─── Given data ───

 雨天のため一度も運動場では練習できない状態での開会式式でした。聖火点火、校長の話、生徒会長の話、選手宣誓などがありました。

───
─── Given data ───

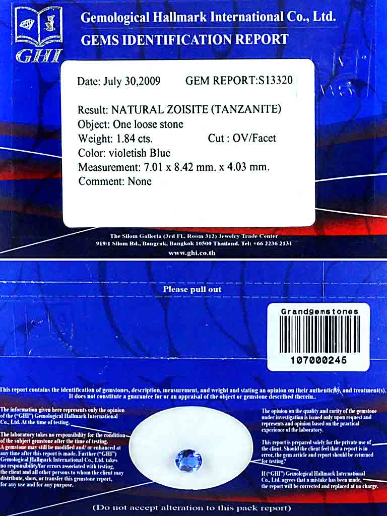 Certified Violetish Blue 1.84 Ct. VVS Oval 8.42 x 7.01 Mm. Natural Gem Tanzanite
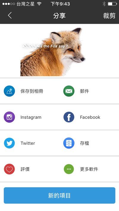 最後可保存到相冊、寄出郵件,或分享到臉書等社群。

───

Activity
Starting at the line above that holds "Certified Violetish Blue", repeat every line exactly down to and including the line that holds "最後可保存到相冊、寄出郵件,或分享到臉書等社群。", then stop. Do not carry over any pictures.

Answer below
 Certified Violetish Blue 1.84 Ct. VVS Oval 8.42 x 7.01 Mm. Natural Gem Tanzanite
 最後可保存到相冊、寄出郵件,或分享到臉書等社群。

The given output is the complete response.